Canada’s biggest energy producers now face the same prospects of shrinking budgets and declining profit as their smaller rivals as prices drop for what’s already the world’s cheapest oil.
Producers including Suncor Energy Inc. (SU) and Canadian Natural Resources Ltd. (CNQ), which each fell the most in at least three years yesterday, operate in one of the most expensive places on earth to produce oil. If crude prices continue sinking following OPEC’s decision not to cut global oil supplies, Canada’s producers big and small will have to tighten their belts to prepare for declining profits.

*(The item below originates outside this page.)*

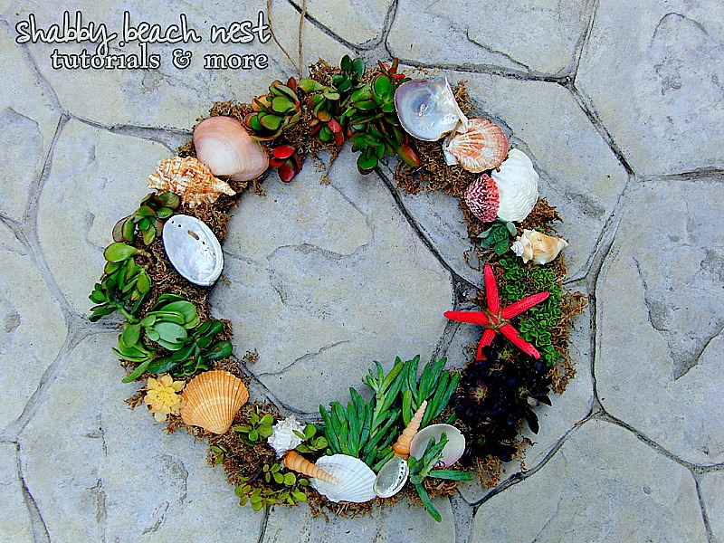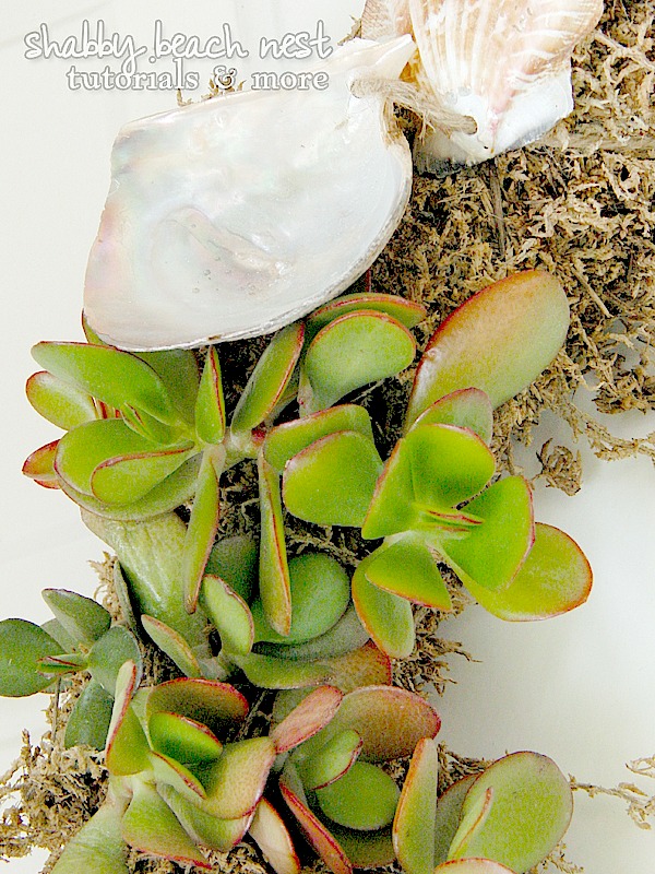 Would you like to learn how to make this living (but totally easy to maintain) succulent and shell wreath? Great!! Here’s what you need:

“This is a pretty big shock,” said Justin Bouchard, an analyst at Desjardins Securities Inc. in Calgary. “There’s no question there’s going to be a slowdown. Even the big guys will have to look at their capital spending plans.”
Western Canada Select, the Canadian benchmark, has lost more than a third of its value since June, in step with declines for West Texas Intermediate and the international gauge Brent. WCS traded yesterday at $55.94 a barrel, the lowest in the world.
Investors reacted by sending the 69-company Standard & Poor’s/TSX Composite Index Energy Sector Index down 5.1 percent, the most since August 2011. WTI sank as much as 8.1 percent and Brent fell as much as 8.4 percent after the announcement from the Organization of Petroleum Exporting Countries.